__DATA SEGMENT__
********************

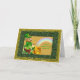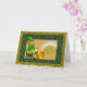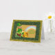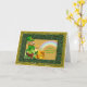 A Leprechaun in his hat and fancy suit sits on a wood stump while holding and viewing his pot of gold and it's rainbow end. Cute and traditional like the fable. You can customize the front and inner text to suit. Has a glittery, sparkle like look and feel to it.
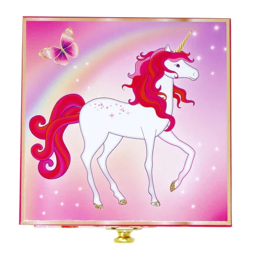 Pink Poppy’s Unicorn Butterfly Small Musical Jewellery Box is a gorgeous keepsake portraying fun illustrations of a fantasy land full of rainbows, butterflies, and flowers. It features an oval mirror and a flocked interior. The wind-up design plays the classic tune ‘Dance of The Sugar Plum Fairy’ whilst the Unicorn figurine twirls delightfully.
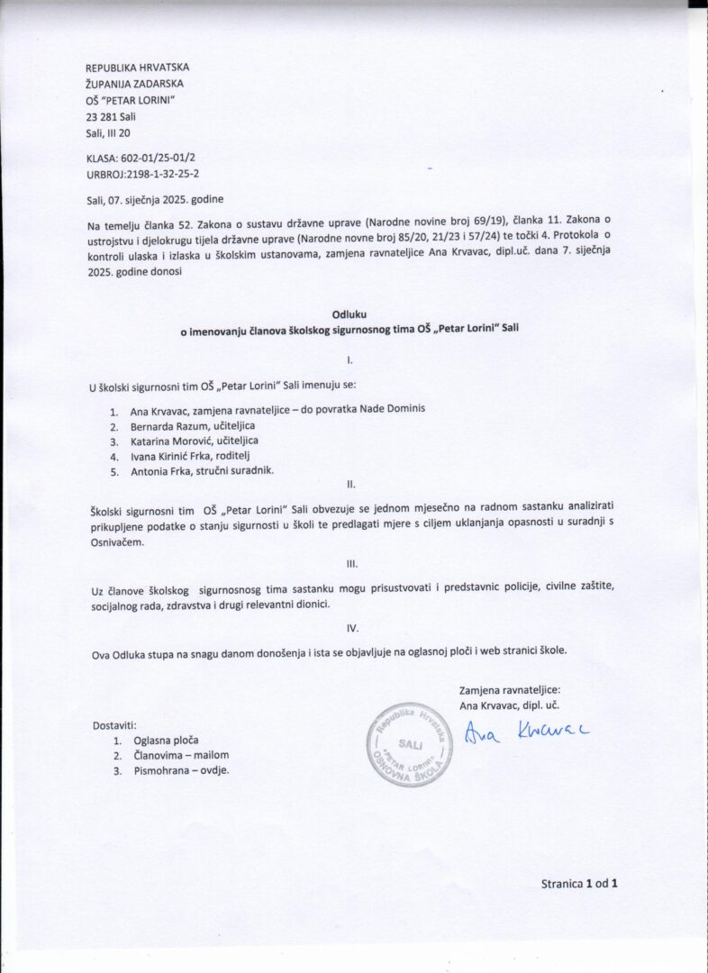 Zakoni i Pravilnici PRAVILNICI Items per page Loading 2026-01-12, Pravilnik o izmjenama i doopuni Pravilnika o sistematizaciji radnih mjesta u OŠ Petar Lorini Sali 284 KB Download 2025-03-31, Pravilnik-o-kucnom-redu-2025 471 KB Download Pravilnik o zaštiti od požara 123 KB Download Pravilnik o zaštiti na radu 238 KB Download Pravilnik o zapošljavanju u OŠ Petar Lorini 175 KB Download Pravilnik o vrednovanju učenika 132 KB Download Pravilnik o unutarnjem ustrojstvu i načinu rada škole 329 KB Download Pravilnik o radu školske knjižnice 158 KB Download Pravilnik o provedbi postupka jednostavne nabave 116 KB Download Pravilnik o pedagoškim mjerama 179 KB Download Showing 1 to 10 of 18 files Previous 1 2 Next PROCEDURE Items per page Loading PRVAŠI Upitnik za roditelja 27 KB Download Protokol-o-kontroli-ulaska-i-izlaska-u-skolskim-ustanovama 432 KB Download Procedura zaprimanja i provjere računa 2021. 177 KB Download Procedura upravljanja nekretninama 2021. 73 KB Download Procedura stvaranja ugovornih obveza 2022. 221 KB Download Procedura praćenja i naplate prihoda i primitaka 2021. 159 KB Download Procedura o sadržaju i načinu vođenja evidencije ugovora 2019. 133 KB Download Procedura o blagajnickom poslovanju 2019. 128 KB Download Procedura izdavanja i obračuna putnih naloga 2019. 213 KB Download Pregled prije upisa u prvi razred osnovne škole 16 KB Download Showing 1 to 10 of 14 files Previous 1 2 Next ODLUKE Items per page Loading Zapisnik o prethodnim rezultatima izbora člana – školski odbor 374 KB Download Zapisnik o konačnim rezultatima izbora predstavnika radnika u Školski odbor 39 KB Download Zapisnik o izboru 2 člana Školskog odbora iz reda učitelja i stručnih suradnika 351 KB Download Odluka o voditelju SSD 219 KB Download Odluka o izboru ponude za besplatan obrok u školi 2024. 205 KB Download Odluka o imenovanju školskog sigurnosnog tima 93 KB Download ODLUKA o imenovanju članova i stručnog povjerenstva – OŠ PETAR LORINI, SALI 121 KB Download Odluka o imenovanju predstavnika radnika u Školski odbor 37 KB Download Odluka-o-donosenju-Protokola-o-kontroli-ulaska-i-izlaska-u-skolsku-ustanovu 60 KB Download Obavijest o izboru predstavnika radnika u Školski odbor 35 KB Download Showing 1 to 10 of 13 files Previous 1 2 Next SIGURNOST Items per page Loading Podrska-preventivnom-projektu-sigurniONLINE 131 KB Download OŠ Petar Lorini Plan evakuacije i spašavanja 2025. 925 KB Download MUP-letak-za-roditelje 7 MB Download MUP-letak-za-djecu 5 MB Download 2025-04-24, Izvješće o vježbi evakuacije, spašavanja i zbrinjavanja djece i djelatnika OŠ Petar Lorini i Dječjeg vrtića Orkulice – SALI 2025 263 KB Download

********************

__WORK ITEM__
Return the full set of lines above word for word and with no pictures.

__RESPONSE TO THIS EXERCISE__
 A Leprechaun in his hat and fancy suit sits on a wood stump while holding and viewing his pot of gold and it's rainbow end. Cute and traditional like the fable. You can customize the front and inner text to suit. Has a glittery, sparkle like look and feel to it.
 Pink Poppy’s Unicorn Butterfly Small Musical Jewellery Box is a gorgeous keepsake portraying fun illustrations of a fantasy land full of rainbows, butterflies, and flowers. It features an oval mirror and a flocked interior. The wind-up design plays the classic tune ‘Dance of The Sugar Plum Fairy’ whilst the Unicorn figurine twirls delightfully.
 Zakoni i Pravilnici PRAVILNICI Items per page Loading 2026-01-12, Pravilnik o izmjenama i doopuni Pravilnika o sistematizaciji radnih mjesta u OŠ Petar Lorini Sali 284 KB Download 2025-03-31, Pravilnik-o-kucnom-redu-2025 471 KB Download Pravilnik o zaštiti od požara 123 KB Download Pravilnik o zaštiti na radu 238 KB Download Pravilnik o zapošljavanju u OŠ Petar Lorini 175 KB Download Pravilnik o vrednovanju učenika 132 KB Download Pravilnik o unutarnjem ustrojstvu i načinu rada škole 329 KB Download Pravilnik o radu školske knjižnice 158 KB Download Pravilnik o provedbi postupka jednostavne nabave 116 KB Download Pravilnik o pedagoškim mjerama 179 KB Download Showing 1 to 10 of 18 files Previous 1 2 Next PROCEDURE Items per page Loading PRVAŠI Upitnik za roditelja 27 KB Download Protokol-o-kontroli-ulaska-i-izlaska-u-skolskim-ustanovama 432 KB Download Procedura zaprimanja i provjere računa 2021. 177 KB Download Procedura upravljanja nekretninama 2021. 73 KB Download Procedura stvaranja ugovornih obveza 2022. 221 KB Download Procedura praćenja i naplate prihoda i primitaka 2021. 159 KB Download Procedura o sadržaju i načinu vođenja evidencije ugovora 2019. 133 KB Download Procedura o blagajnickom poslovanju 2019. 128 KB Download Procedura izdavanja i obračuna putnih naloga 2019. 213 KB Download Pregled prije upisa u prvi razred osnovne škole 16 KB Download Showing 1 to 10 of 14 files Previous 1 2 Next ODLUKE Items per page Loading Zapisnik o prethodnim rezultatima izbora člana – školski odbor 374 KB Download Zapisnik o konačnim rezultatima izbora predstavnika radnika u Školski odbor 39 KB Download Zapisnik o izboru 2 člana Školskog odbora iz reda učitelja i stručnih suradnika 351 KB Download Odluka o voditelju SSD 219 KB Download Odluka o izboru ponude za besplatan obrok u školi 2024. 205 KB Download Odluka o imenovanju školskog sigurnosnog tima 93 KB Download ODLUKA o imenovanju članova i stručnog povjerenstva – OŠ PETAR LORINI, SALI 121 KB Download Odluka o imenovanju predstavnika radnika u Školski odbor 37 KB Download Odluka-o-donosenju-Protokola-o-kontroli-ulaska-i-izlaska-u-skolsku-ustanovu 60 KB Download Obavijest o izboru predstavnika radnika u Školski odbor 35 KB Download Showing 1 to 10 of 13 files Previous 1 2 Next SIGURNOST Items per page Loading Podrska-preventivnom-projektu-sigurniONLINE 131 KB Download OŠ Petar Lorini Plan evakuacije i spašavanja 2025. 925 KB Download MUP-letak-za-roditelje 7 MB Download MUP-letak-za-djecu 5 MB Download 2025-04-24, Izvješće o vježbi evakuacije, spašavanja i zbrinjavanja djece i djelatnika OŠ Petar Lorini i Dječjeg vrtića Orkulice – SALI 2025 263 KB Download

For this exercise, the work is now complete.